Damning whistleblower criticisms of the federal government’s $4.5 billion carbon credits scheme must be taken seriously, according to former chief scientist Ian Chubb, who is reviewing controversial rules following claims that taxpayers’ money was being spent on fake climate action.
Climate Change and Energy Minister Chris Bowen committed before the May election to a review of the $4.5 billion Emissions Reduction Fund. In June, he appointed Chubb to lead a six-month inquiry, which is due to report by December 31.
Former chief scientist Ian Chubb is examining the integrity of carbon credits.Credit:Andrew Meares
But the designer of the fund’s carbon credit rules, ANU Professor Andrew Macintosh, estimated the “vast majority” of the 30 million credits for what’s known as human-induced regeneration, which is meant to fund forest regrowth to sequester carbon, had not captured any extra carbon than if the credits hadn’t been issued to the project proponents.
“[Macintosh] is a serious person and we take his comments seriously,” Chubb said.

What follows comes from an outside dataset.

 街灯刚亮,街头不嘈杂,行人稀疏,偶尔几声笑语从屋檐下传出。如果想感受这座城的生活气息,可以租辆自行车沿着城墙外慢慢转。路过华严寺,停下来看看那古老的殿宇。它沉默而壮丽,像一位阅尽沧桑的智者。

The scheme awards credits when carbon emitters cut their greenhouse pollution or create projects that sequester carbon – such as energy efficiency measures introduced to cut heavy industry pollution or investing in land use change that prevents trees from being cut down, known as avoided deforestation.

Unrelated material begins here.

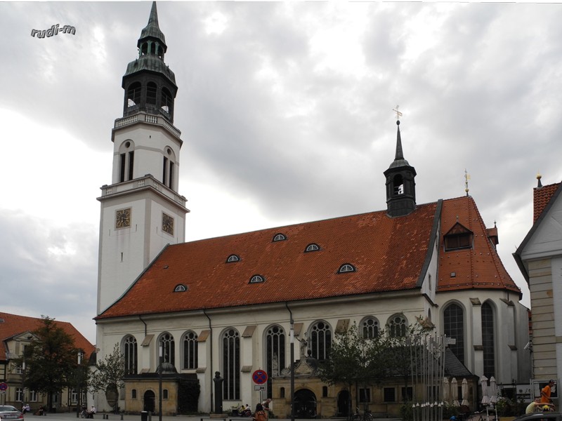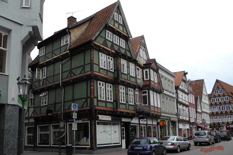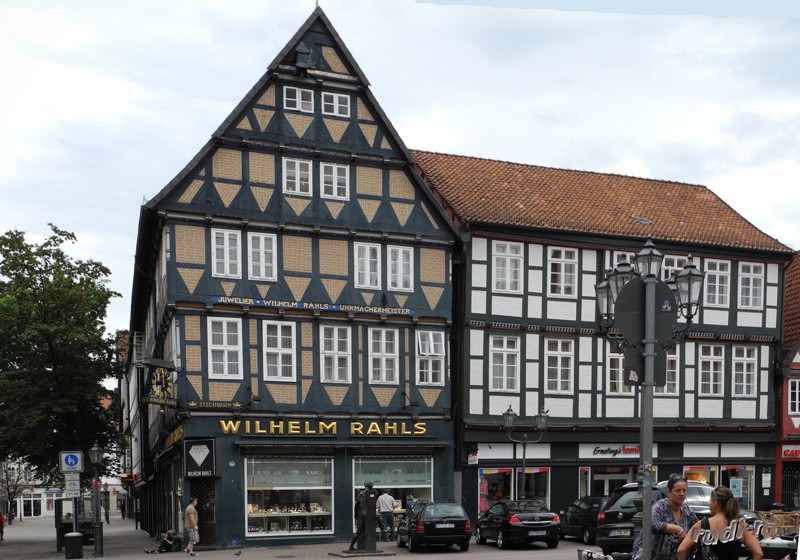 Bilder oben, schöne Fachwerkhäuser, unten die Stadtkirche von Celle.

It will be a major source of the carbon offsets bought by companies under the federal government’s reform to the safeguard mechanism.
Under the mechanism, big industrial polluters will be forced to either cut their pollution or buy carbon offsets. It is forecast to deliver around 30 per cent of the savings the Albanese government needs to reach its target to cut emissions by 43 per cent by 2030.

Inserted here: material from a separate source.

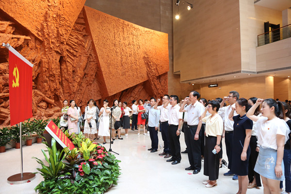 在校党委书记储国定的带领下,beat365网登党员干部在馆内进行入党誓词宣誓仪式,重温入党誓词,进一步增强党员的党性观念,激励每一位党员干部以党章规范自己的言行,牢记党的宗旨,履行党员义务,做一名合格党员。
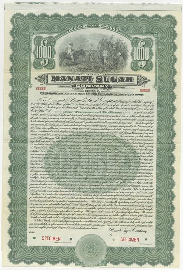 Cuba (Inc. in New York), 1916, $1000, 1st Mortgage 15 Year Convertible Gold Specimen Bond, Vertical format, Coupons attached, Black print on green border and underprint, Sugar cane farming top center, Red SPECIMEN overprints POC's and s/n "00000", VF condition, ABNC.

The federal agency responsible for administering the scheme, the Clean Energy Regulator, has backed the current arrangements for assessing human-induced regeneration.
Chubb said his review must also consider their opinions with equal weight, but greater transparency over how carbon credits are verified was imperative.
“There are serious people on the other side of the same argument and we take their comments seriously, too,” he said.
“Commercial in-confidence is an important concept, but so is getting public money to do a public good. The balance has got to be more information than is presently available so people can look in [on the scheme] and have confidence that they know what is going on.”
Critics of carbon offsetting have argued that polluters can avoid switching to cleaner technology by using poorly designed schemes.
Chubb said he had spoken “long and often” on the importance of greater climate action but insisted investment in offset projects that withdraw carbon from the atmosphere, as well as new technology, was needed.
“It’s all very well to argue that we have to stop emitting, because we do, and I say that without qualification. But when we do, we’ll still be left with [carbon] in the atmosphere that will take us way over two degrees [of global warming] unless we pull it out.”
Submissions to the Chubb review were published last week.
The Australia Institute’s submission said advice from fossil fuel companies with a vested interest in the scheme’s rules had been prioritised in consultation for their design, while independent experts were excluded.
A spokesperson for the Department of Energy, Climate Change, Environment and Water said it had identified and managed all potential conflicts of interest.
“A probity plan is in place to guide both the panel and department staff supporting the panel,” they said.